多かれ少なかれ、人には失言の経験があるだろう。

口を滑らせて後悔するケースもあれば、自分では気が付かないものもある。その場でなら謝って許してもらうこともできるが、時間が経過するともう無理だ。

人は段々と成長するから、年を重ねた結果、若い頃の失言に気が付くこともある。情けないことに筆者にもそういう思い出がいくつもある。最近は「自分は大小取り交ぜて色々と他人様にご迷惑をかけながら生きてきたのだから、少々嫌なことがあっても我慢しよう」と思うようになった。

しかし、地位や立場によっては、それではすまされないことになる。

給料5カ月分をカット

新潟県上越市の中川幹太市長は7月8日の会見で、自身の給与の5カ月分(7~11月)を全額削減する方針を示した。6月の市議会で、市内に工場のある企業の名前を挙げたうえで、工場勤務は高卒レベルの人が多く、「(地元への)企業誘致で頭のいい人だけが来るわけではない」など、学歴差別ともとれる発言をしたためだ。

市長の給料はおよそ82万円。市は関連の議案を同19日の臨時市議会に提案する。議案が通り、市長給料が全額カットされれば、同市では初めてという。

市長は「二度と失言はしない」とし、専門家からアドバイスを受けていることも明らかにした。

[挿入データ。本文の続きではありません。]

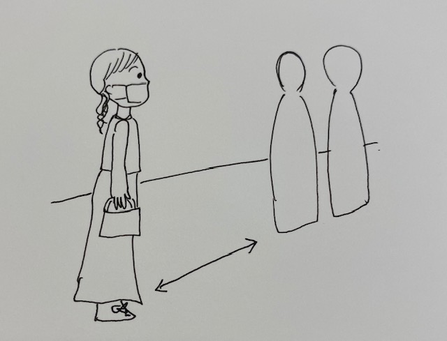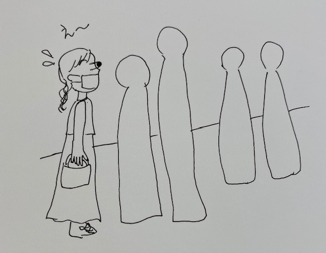 コロナ対策と思い、前の方と少し距離を取って立っているのですが、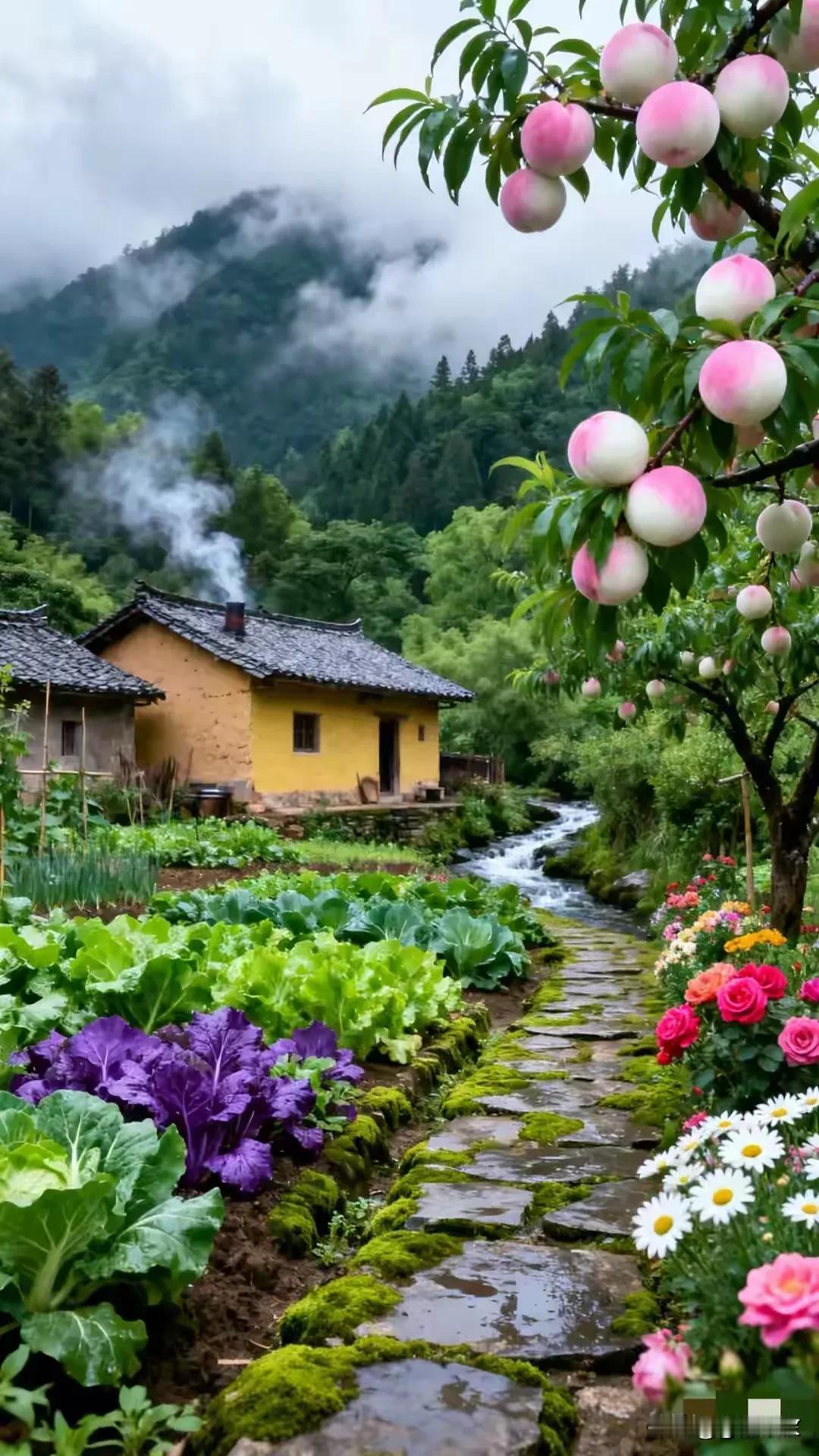 上联:桃枝挂露香沾院 下联:炊烟渺渺农家乐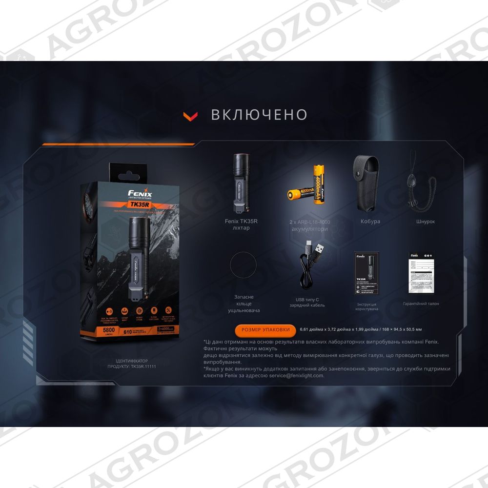 Ліхтар Fenix TK35R, акумулятори Fenix ARB-L18-4000 (2 шт), зарядний кабель USB-C, запасне ущільнювальне кільце, темляк, чохол на пояс, посібник користувача, гарантійний талон.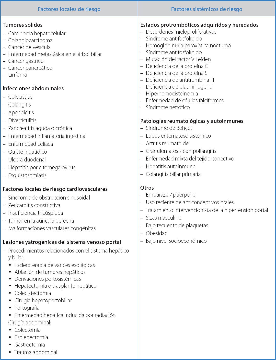 Como se mencionó previamente, el mayor porcentaje de las trombosis portales son generadas por cirrosis (28 %) y el cáncer hepatobiliar ya sea primario (23 %) o metastásico (44 %), luego se encuentran las infecciones, enfermedades inflamatorias y cirugías abdominales (10 %) y, por último, están las enfermedades protrombóticas hereditarias o adquiridas, entre las que destaca el síndrome antifosfolípido (11,18-25). La tabla II resume las principales causas de trombosis de la vena porta diferentes a la cirrosis.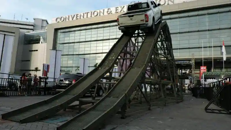 "Ini merupakan ramp buatan untuk mobil yang tertinggi dan tercuram yang bisa Anda coba di Indonesia," ujar Andy Wismarsyah, Presiden Direktur Seven Events, pelaksana GIIAS Surabaya Auto Show, di Surabaya. Sang Wakil Gubernur yang akrab disapa Gus Ipul juga tak gentar mencoba tantangan menaiki ramp di dalam mobil Mitsubishi Pajero Dakar 4x4.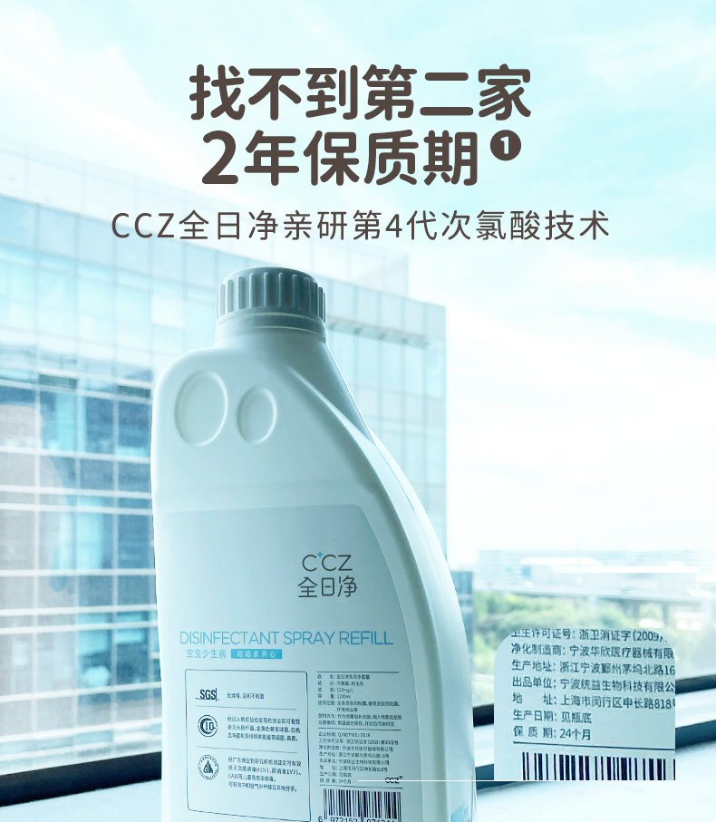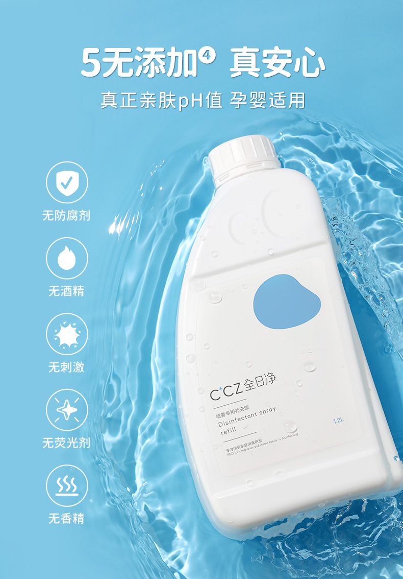 CCZ全日净新生儿婴儿儿童免洗洗手玩具奶瓶入口安全消毒液补充装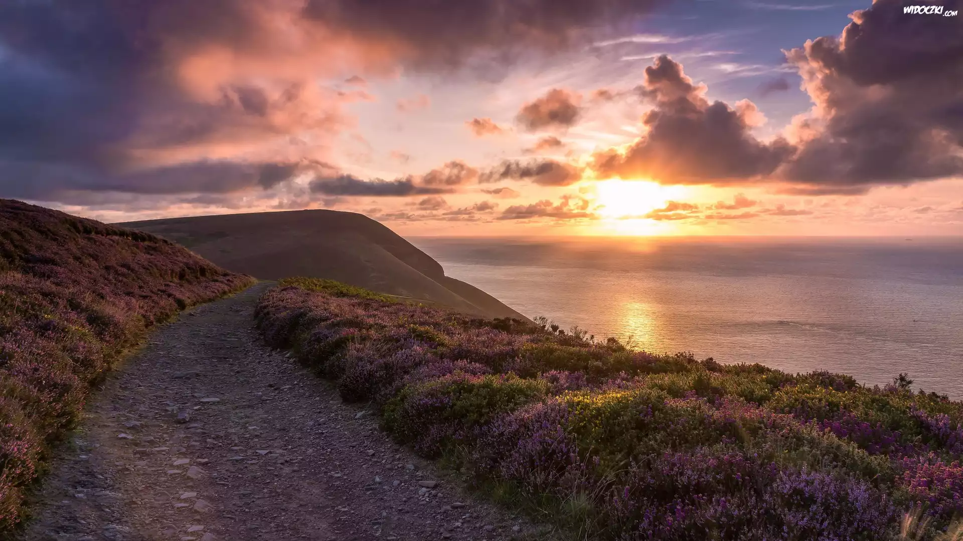 Wielka Brytania, Anglia, Hrabstwo Devon, Park Narodowy Exmoor, Wzgórze Hangman, Zachód słońca, Wybrzeże, Droga, Wrzos, Morze |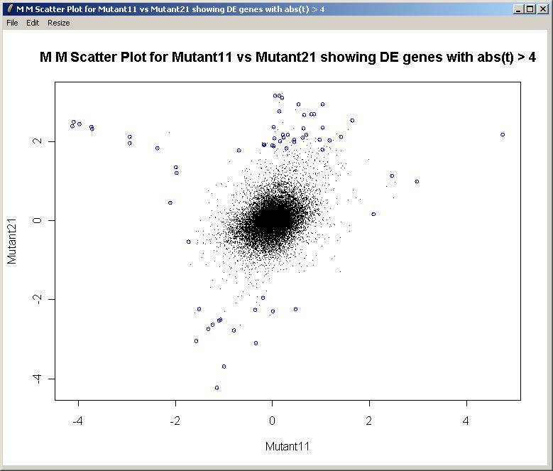 The M (Mutant11) vs M (Mutant21) scatter plot is shown below.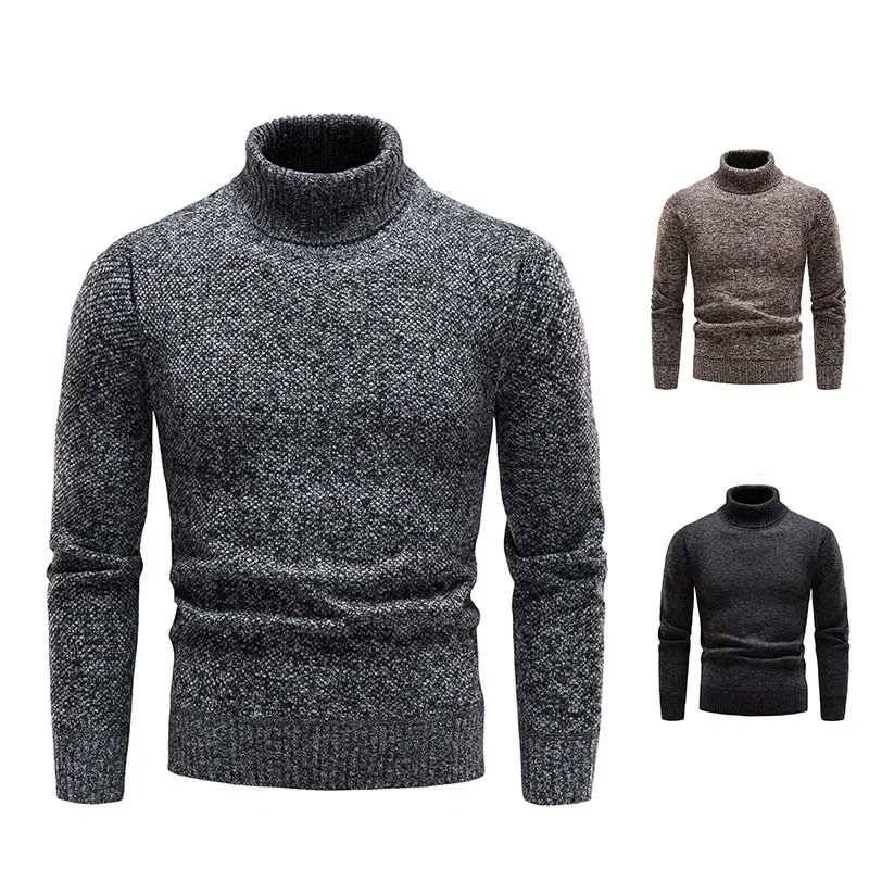 Hot Sale Of The Season New Men’s High Collar Fleece Lined Knitwear Casual Long Sleeve Overhead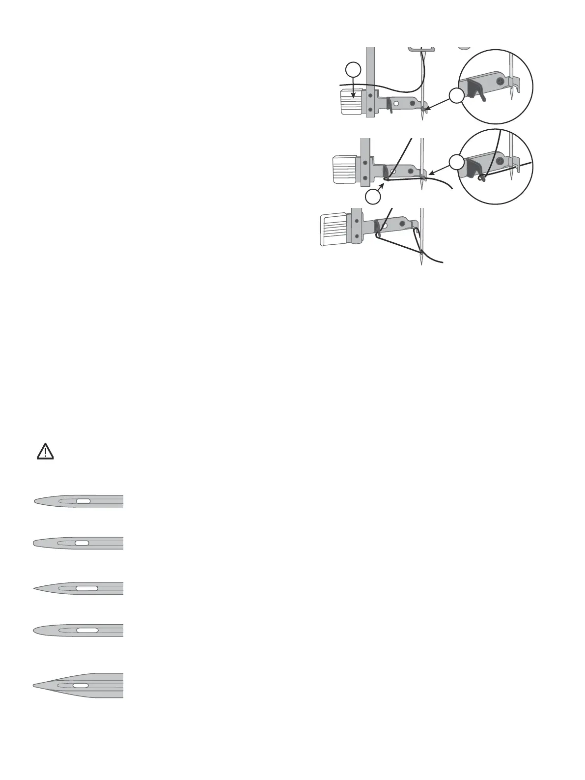 la aguja más grande. Si el ojo de la aguja es demasiado pequeño para el hilo, el enhebrador podría no funcionar correcta-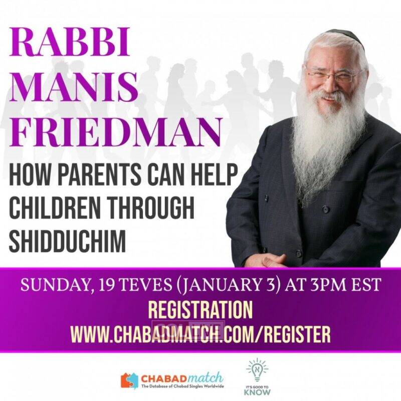 ChabadMatch to present a FREE Zoom Lecture for parents with Rabbi Manis Friedman.
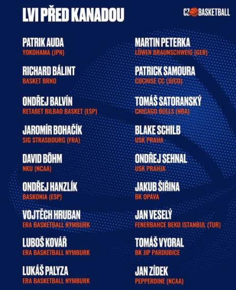 Parmi eux, on trouve l’Américain naturalisé Blake Schilb, 37 ans, Patrik Auda (ex-Boulazac) et aussi Jan Veselý (Fenerbahçe), qui rejoindra l’équipe lors du dernier camp d’entraînement à Prague, ainsi que Tomáš Satoranský (Chicago Bulls) et Jaromír Bohačík (Strasbourg), qui rejoindront l’équipe à… Victoria.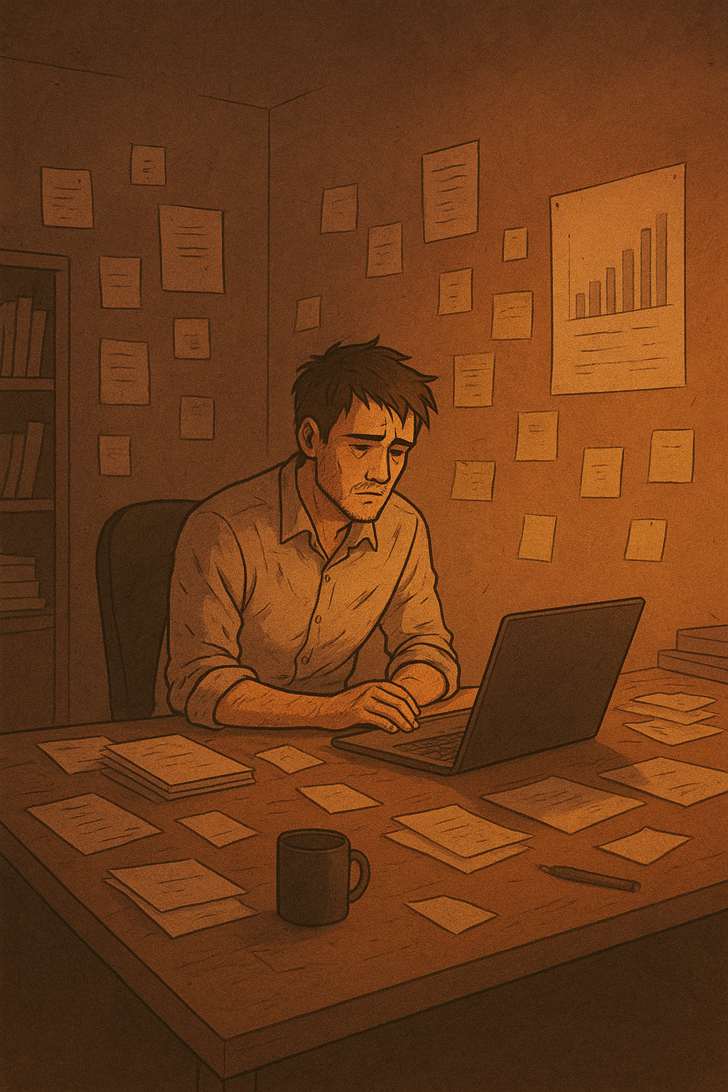Namun, kenyataannya, satu per satu tim mulai pergi. Ada yang menyerah karena tekanan, ada yang merasa lelah tanpa kepastian, ada juga yang memilih jalan lain demi masa depannya sendiri. Hingga akhirnya, yang tersisa hanyalah ia sendiri—seorang founder dengan ruangan kerja yang penuh catatan, tumpukan buku, dan laptop yang masih menyala di tengah malam.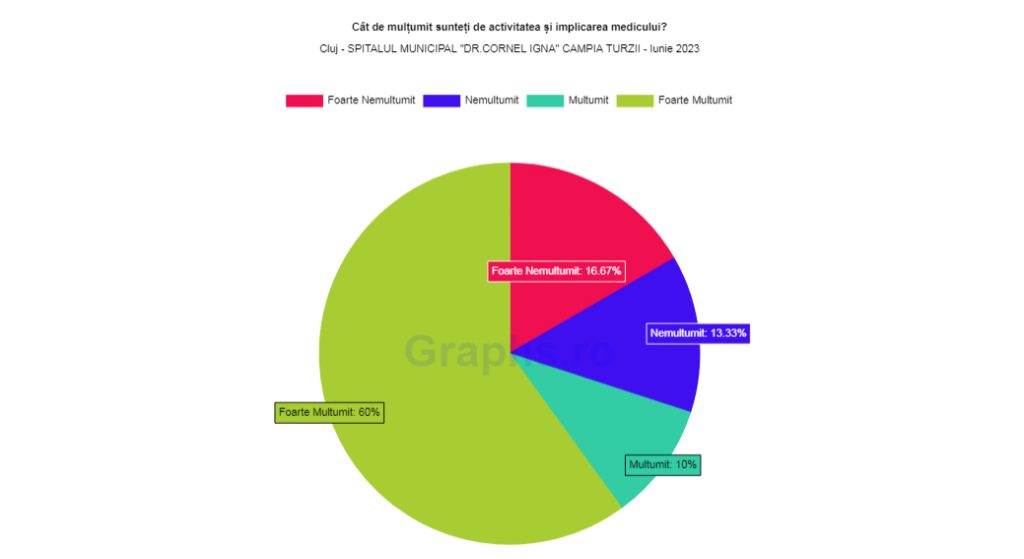 Dintre pacientii care au răspuns chestionarului în Iunie 2023, 70% se declară mulțumiți și foarte multumiți de activitatea și implicarea medicului din spital. Aceasta reprezintă totuși o scădere, -15.72% față de luna precedentă (Mai 2023), când procentul era de 85.72%.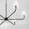 Embodying true minimalist form, the Brody Chandelier brings sleek, simplified style. The Matte Black finish enhances the classic look of the white fabric shades to deliver sophisticated, less-is-more design. DIMENSIONS: Overall: 47"W x 21.25"H; Adjustable Hanging Height: 24.75" - 147.25"; Includes 120" Chain; 180" Wire. DETAILS: Crisp fabric shades accents the minimalist silhouette for a sophisticated, simplified style. FINISH: Matte Black is a powder coated, muted, neutral tone. BULBS: Designed to be dimmable and LED/CFL/Incandescent bulb compatible, this fixture uses 6 - 60 Watt (max) E12 Candelabra base bulbs (not included). It's shown here with a B10 lamp. FEATURES: Rated for dry locations; includes a 1-Year Manufacturer Warranty.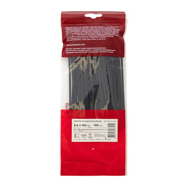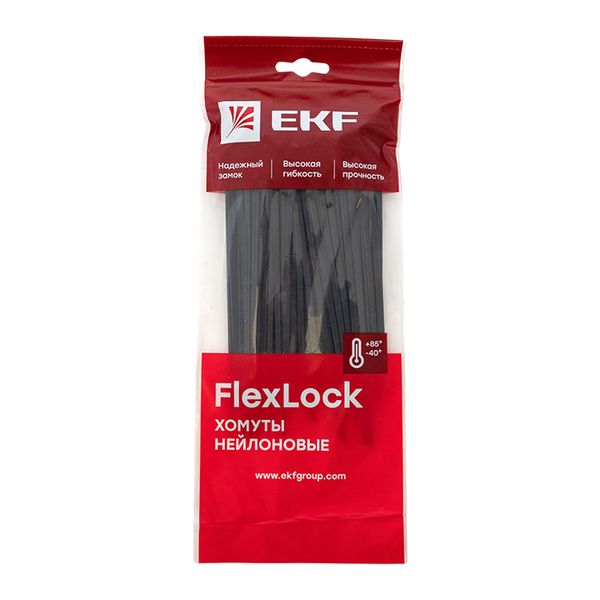 Хомут P6.6 стандартный (ч), 3.6x150 (100шт) FlexLock EKF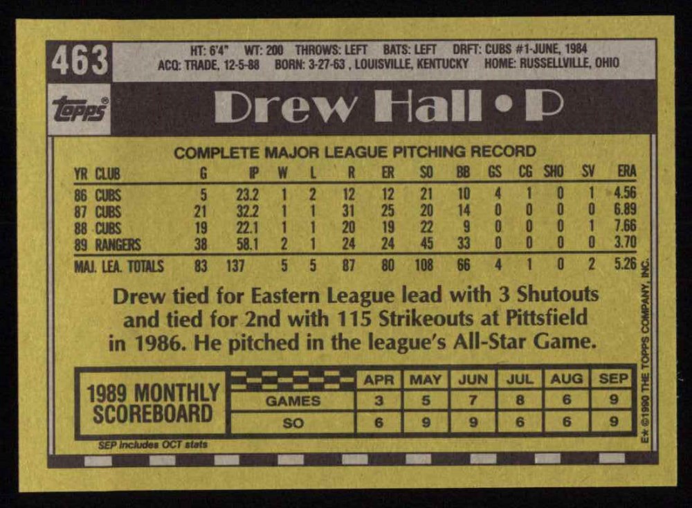 1990 Topps #463 Drew Hall 8 - NM/MT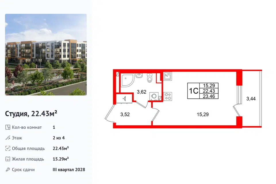 Студия, 22.43 м², 2/1 этаж

学歴だけを比べれば「高卒」より「大卒」、「大卒」より「院卒」のほうが上であるのは事実なものの、「高卒レベル=頭が悪い」とするのはいかにも短絡的だろう。失言を避けるための指導を受けることは結構だが、本質的なモノの見方というのも再考願いたいものだ。

繰り返される失言

それにしても、自ら率先して専門家の指導を受けて再発防止を図るというのは結構なことだと感心したが、どうやらそうせざるを得ない、“前科”がこの市長にはあったのだ。

2022年4月19日、中川市長は若手経営者グループ主催の意見交換会に出席し、商店街の現状を指摘する中で「直江津に商店街はない」などと発言した。同月27日の定例会見の中で「真意が伝わらず、誤解を与えた部分についてお詫び申し上げる」と謝罪した。会見では記者から、真意や誰に対しての謝罪なのかを問う質問が相次いだ。市長は「近々商店街の皆さんに直接会って説明する」と話した。

2023年7月5日、上越市内で行われた新潟経済同友会との懇談会で、市内の私立高校2校の校名を挙げた上で「県内では県立、公立よりもレベルが下にある」と発言した。席上で一旦は発言を訂正したが、記者対応で「偏差値が低い」などとも説明した。翌日に市長は2校へ訪問し謝罪した。

給料カット程度で見逃してもらえたことは、市民に深く感謝しないといけない。次やったらアウトだ。

失言を連発した知事も

中には、周囲が不快に思う失言を連発し、最後は失言の責任をとって辞職した知事もいる。前静岡県知事の川勝平太氏だ。

同氏は、2024年4月1日に行われた新規採用職員への訓示で「県庁はシンクタンク。野菜を売るのとは違う」などと発言し、「職業差別ではないか」との批判を浴びていた。これを受け、6月議会をもって辞職した。

また、2021年10月には参院静岡選挙区補選の応援演説で、元静岡県御殿場市長の候補者を念頭に「あちら(御殿場)にはコシヒカリしかない」と発言している。

選挙というのは戦だから言葉が攻撃的になることはある。ただ、県の行政を統括する知事の発言としては不適切で、県民に対して失礼だ。同氏の知事時代の失言はほかにもある。

つい本音が漏れてしまう

辞書を見ると「失言」とは、「言ってはいけない事を、うっかり言ってしまうこと。また、その言葉」とある。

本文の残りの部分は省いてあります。